### Problem description
No pictures go into the copy. Write out exactly the lines below from the one containing "为进一步提升学校和学院本科生" through the one containing "交流环节中,张力主任对银川一".

### Data for this exercise
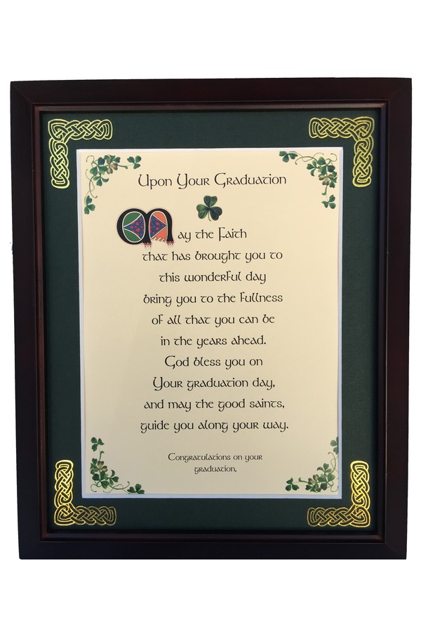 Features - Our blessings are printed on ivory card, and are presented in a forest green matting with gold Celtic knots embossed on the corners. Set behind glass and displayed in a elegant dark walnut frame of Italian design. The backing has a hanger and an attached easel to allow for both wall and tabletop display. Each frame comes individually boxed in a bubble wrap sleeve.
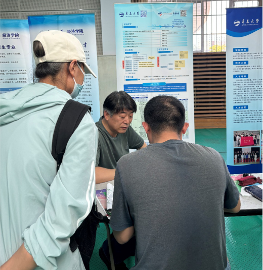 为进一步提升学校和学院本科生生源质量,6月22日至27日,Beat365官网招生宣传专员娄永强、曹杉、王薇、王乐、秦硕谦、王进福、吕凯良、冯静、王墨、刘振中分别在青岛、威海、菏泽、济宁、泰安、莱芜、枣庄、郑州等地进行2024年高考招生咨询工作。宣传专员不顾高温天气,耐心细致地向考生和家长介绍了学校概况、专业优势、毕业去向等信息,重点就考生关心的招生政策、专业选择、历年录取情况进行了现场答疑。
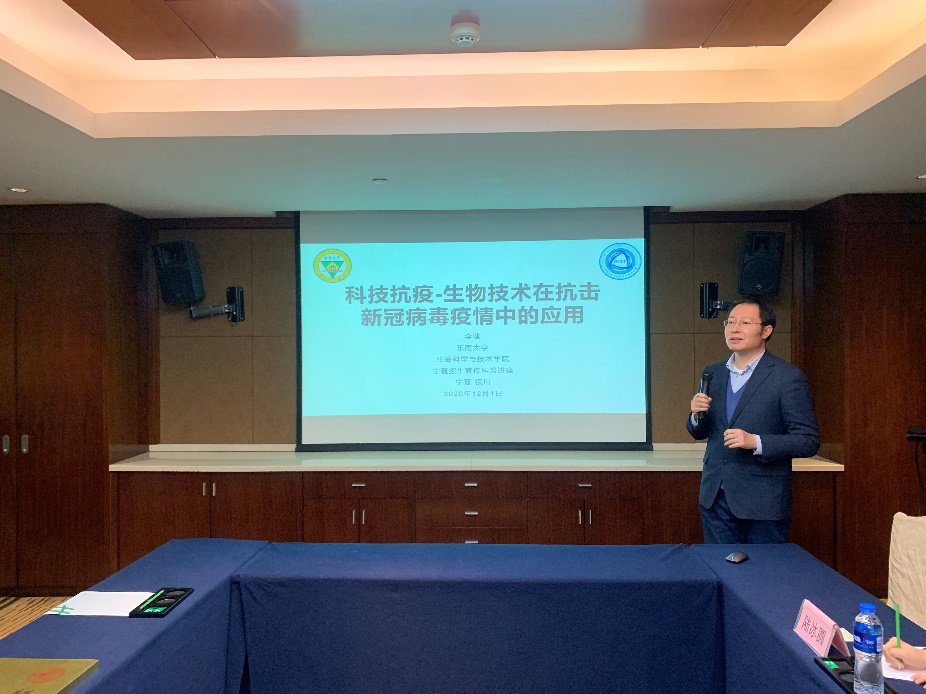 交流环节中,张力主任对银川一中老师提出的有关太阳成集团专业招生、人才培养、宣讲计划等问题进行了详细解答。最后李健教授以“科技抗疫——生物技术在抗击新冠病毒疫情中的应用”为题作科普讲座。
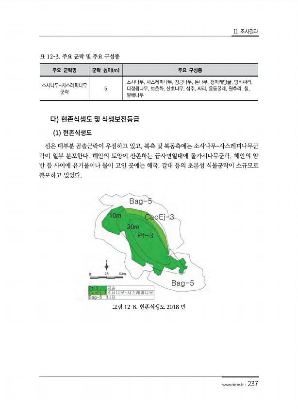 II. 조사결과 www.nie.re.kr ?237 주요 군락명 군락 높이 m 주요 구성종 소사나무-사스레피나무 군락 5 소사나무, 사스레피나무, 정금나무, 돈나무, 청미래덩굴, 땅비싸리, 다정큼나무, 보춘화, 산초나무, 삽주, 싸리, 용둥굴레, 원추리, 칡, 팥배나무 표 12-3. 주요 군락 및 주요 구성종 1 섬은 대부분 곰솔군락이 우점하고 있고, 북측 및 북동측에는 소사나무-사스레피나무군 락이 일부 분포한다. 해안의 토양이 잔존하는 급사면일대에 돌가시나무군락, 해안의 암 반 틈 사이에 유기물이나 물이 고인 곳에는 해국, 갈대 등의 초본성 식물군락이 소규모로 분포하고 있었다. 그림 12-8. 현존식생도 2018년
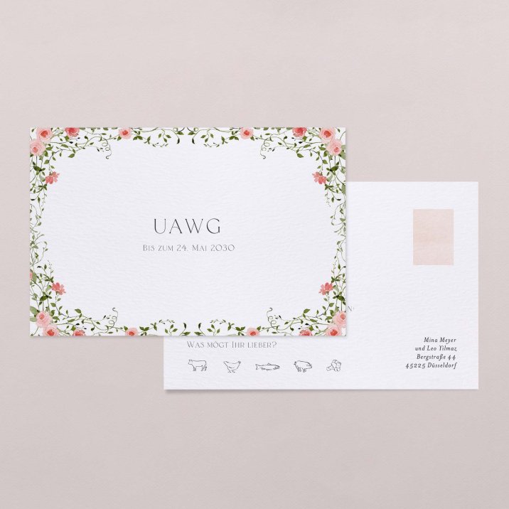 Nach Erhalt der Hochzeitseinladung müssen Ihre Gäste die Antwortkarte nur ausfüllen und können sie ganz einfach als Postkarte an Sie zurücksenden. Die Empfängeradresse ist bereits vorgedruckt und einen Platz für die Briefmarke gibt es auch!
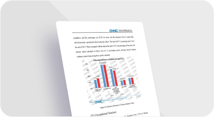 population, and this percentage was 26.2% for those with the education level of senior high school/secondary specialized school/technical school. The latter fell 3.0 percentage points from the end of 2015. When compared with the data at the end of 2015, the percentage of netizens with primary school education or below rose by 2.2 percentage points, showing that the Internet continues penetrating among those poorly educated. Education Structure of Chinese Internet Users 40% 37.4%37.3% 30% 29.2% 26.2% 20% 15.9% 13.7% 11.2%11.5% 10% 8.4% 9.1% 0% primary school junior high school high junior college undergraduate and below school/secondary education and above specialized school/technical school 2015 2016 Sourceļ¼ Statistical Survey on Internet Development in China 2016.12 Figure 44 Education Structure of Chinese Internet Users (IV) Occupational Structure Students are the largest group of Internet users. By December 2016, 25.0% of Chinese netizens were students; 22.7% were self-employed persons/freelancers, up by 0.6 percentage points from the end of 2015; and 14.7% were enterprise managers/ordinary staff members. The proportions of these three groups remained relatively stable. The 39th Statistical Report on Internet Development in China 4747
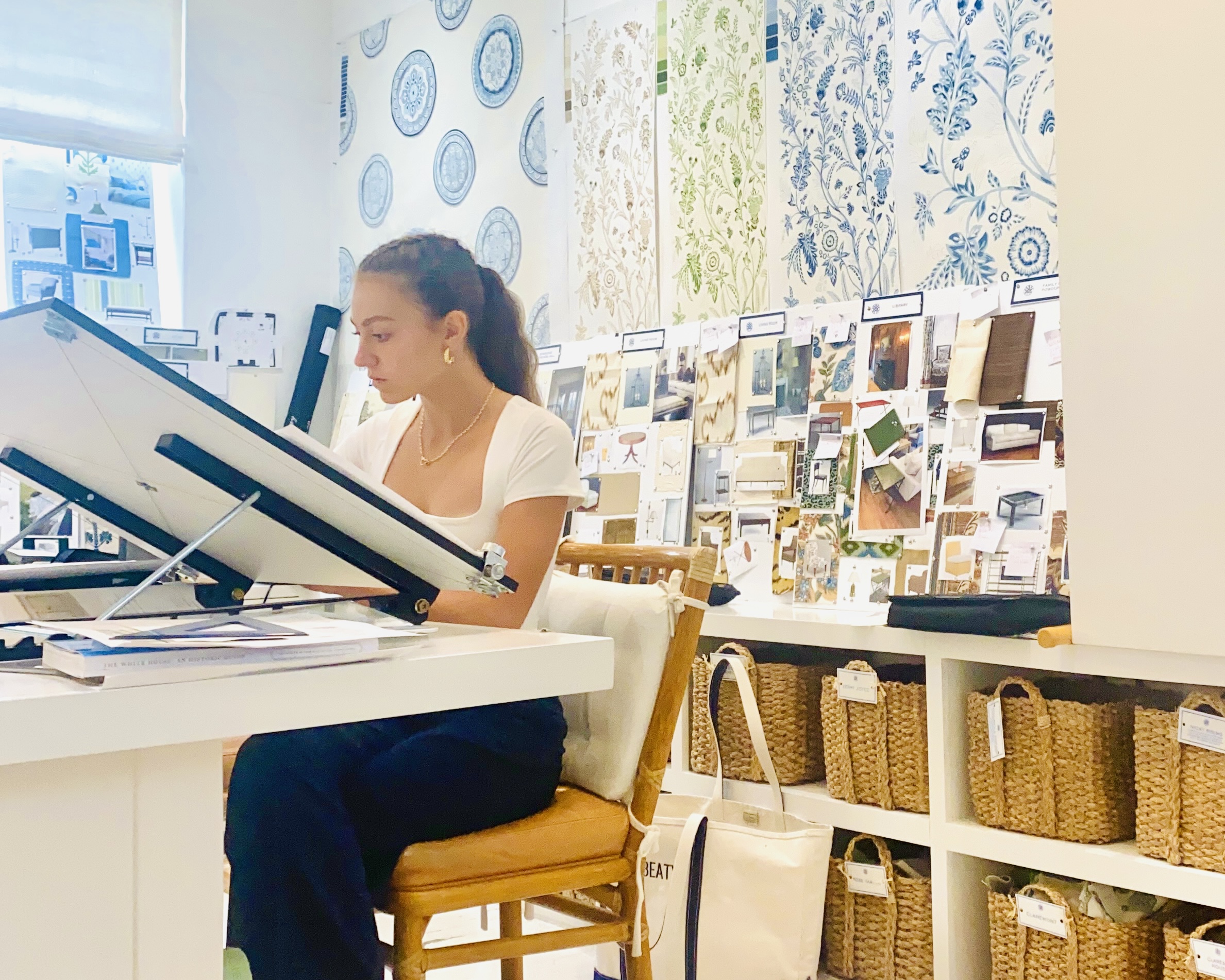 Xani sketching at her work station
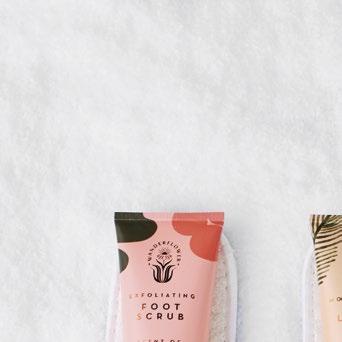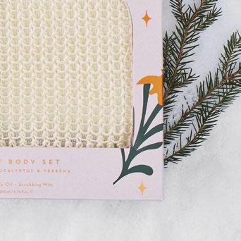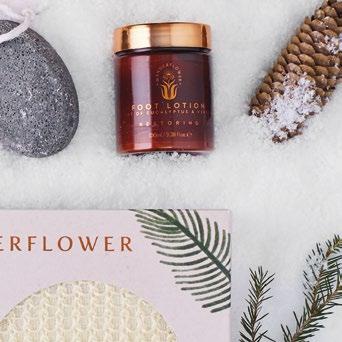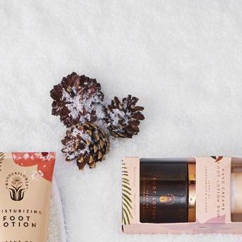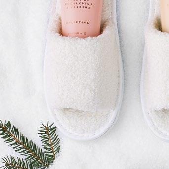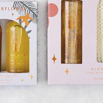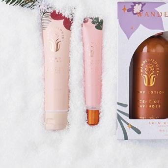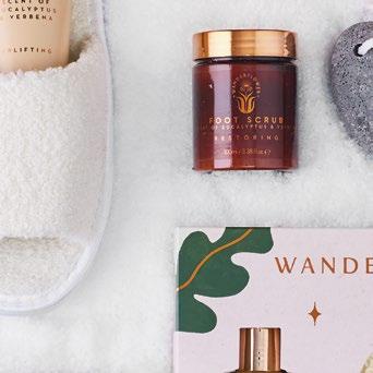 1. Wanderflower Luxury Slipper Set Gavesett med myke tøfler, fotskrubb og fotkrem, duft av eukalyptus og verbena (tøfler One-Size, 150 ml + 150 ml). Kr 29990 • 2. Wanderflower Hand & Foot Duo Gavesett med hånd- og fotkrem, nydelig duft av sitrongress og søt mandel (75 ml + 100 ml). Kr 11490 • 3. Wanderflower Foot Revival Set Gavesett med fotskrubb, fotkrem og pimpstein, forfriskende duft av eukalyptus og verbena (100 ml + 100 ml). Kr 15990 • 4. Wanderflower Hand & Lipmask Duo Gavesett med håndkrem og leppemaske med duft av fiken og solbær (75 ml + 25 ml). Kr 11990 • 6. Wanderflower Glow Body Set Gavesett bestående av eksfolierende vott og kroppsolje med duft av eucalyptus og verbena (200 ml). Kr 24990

### Task result
 为进一步提升学校和学院本科生生源质量,6月22日至27日,Beat365官网招生宣传专员娄永强、曹杉、王薇、王乐、秦硕谦、王进福、吕凯良、冯静、王墨、刘振中分别在青岛、威海、菏泽、济宁、泰安、莱芜、枣庄、郑州等地进行2024年高考招生咨询工作。宣传专员不顾高温天气,耐心细致地向考生和家长介绍了学校概况、专业优势、毕业去向等信息,重点就考生关心的招生政策、专业选择、历年录取情况进行了现场答疑。
 交流环节中,张力主任对银川一中老师提出的有关太阳成集团专业招生、人才培养、宣讲计划等问题进行了详细解答。最后李健教授以“科技抗疫——生物技术在抗击新冠病毒疫情中的应用”为题作科普讲座。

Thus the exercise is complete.